Several governments are experimenting with utilizing AI-driven computers to make judgments, replacing people with so-called “robot judges” (although no robot is involved).
The major arguments in favor of AI-driven adjudication center on two ostensible benefits: increased efficiency and the potential for eliminating human bias, inaccuracy. The latter refers to unwelcome variation in judgments that may be impacted by things such as a judge’s level of fatigue or the performance of their sports team the night before.
However, there are compelling reasons to remain wary. For example, instead of reducing prejudice and discrimination, there are fears that AI-driven algorithms — which utilize sheer processing power on human data to detect patterns, categorize, and generalize — would reproduce and reinforce those that currently exist. This has been shown in certain investigations.
The most typical objections to AI-driven adjudication concern outcomes. However, John Tasioulas, head of Oxford University’s Institute for Ethics in AI, believes in a draft research article that greater attention should be paid to the process by which judgments are reached.
Tasioulas cites a passage from Plato’s The Laws in which Plato distinguishes between a “free doctor” — one who is educated and can explain the treatment to his patient — and a “slave doctor,” who cannot explain what he is doing and instead works by trial and error. Even if both physicians cure their patients, Plato contends that the free doctor’s method is preferable since he is able to keep the patient cooperative and instruct as he goes. As a result, the patient is not just a subject, but also an active participant. Tasioulas, like Plato, uses this example to demonstrate why process matters in law. We may conceive of the slave doctor as an algorithm, dispensing treatment based on something close to machine learning, but the way the free doctor treats his patients has intrinsic worth. Only the process through which a human judge makes a final decision may supply three key inherent qualities.

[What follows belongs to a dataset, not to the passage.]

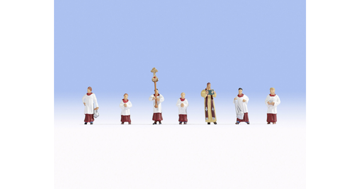 »Country Delights are Just so in Vogue! With this year’s NOCH Focus Theme »Country Delights«, we are pleased to offer you a lot of new and very attractive figures. The Figures Set »Priest and Altar Servers« contains six Altar Servers and one Priest, which are all in scale 1:87 (scale H0) and hand-painted. On every model railway layout a scene with a church can be shown. Matching this, there is now a priest who holds the mass. Also his »assistants«, the altar servers are not forgotten. They wear the typical gown, consisting of a red skirt, white gown and collar. One altar boy holds a large cross and also the censer is used in the many masses. The priest wears a liturgical garment and matching stole around his neck while holding the mass. An altar boy (from the latin »ministrare« - to serve) or server is a liturgical assistant in the Roman Catholic Church. The Codex luris Canonici dated 1917 requested in Can. 813 that the presence of a altar boy was compulsory in the celebration of the Holy Mass (source: Wikipedia).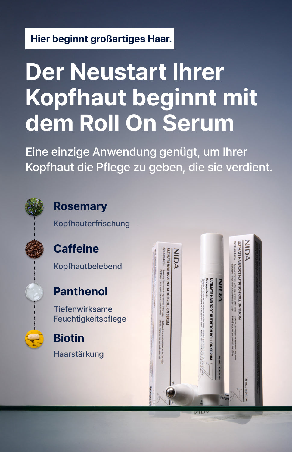 Das Roll-on-Design bringt die Nährstoffe direkt auf die Kopfhaut – ganz ohne Kleckern.

The first is comprehensibility. Tasioulas contends that, even if an AI-driven algorithm could be programmed to provide some kind of explanation for its decision, this could only be an ex post rationalisation rather than a genuine justification, because the decision is not reached through the kind of thought processes that humans use.
The second concept is accountability. An algorithm cannot be held responsible for its judgments because it lacks rational autonomy. “As a rational autonomous agent with the ability to make judgments… I can be held responsible for my actions in a manner that a computer cannot,” Tasioulas says.
The third concept is reciprocity, which has importance in the discourse between two rational actors, the plaintiff and the judge, since it fosters a feeling of community and solidarity.
The absence of these three aspects results in a dehumanizing aspect of algorithmic justice. Other concerns include the degree to which adopting AI-driven adjudication will shift legal power from public authorities to the private businesses that develop the algorithms.
While there are many solid reasons against AI-assisted justice, there is also a pressing moral imperative to make the legal process more accessible. This is something that automation can assist with. According to the OECD, fewer than half of the world’s population is legally protected; Brazil has a backlog of 100 million court cases, while India has a backlog of 30 million.
It’s a gap on a massive magnitude. Many of us are attempting to eliminate evident injustice rather than achieving metaphysical, perfect justice. We must not allow the perfect be the enemy of the good, as the adage says. Access to a flawed legal system is, most likely, preferable than none at all.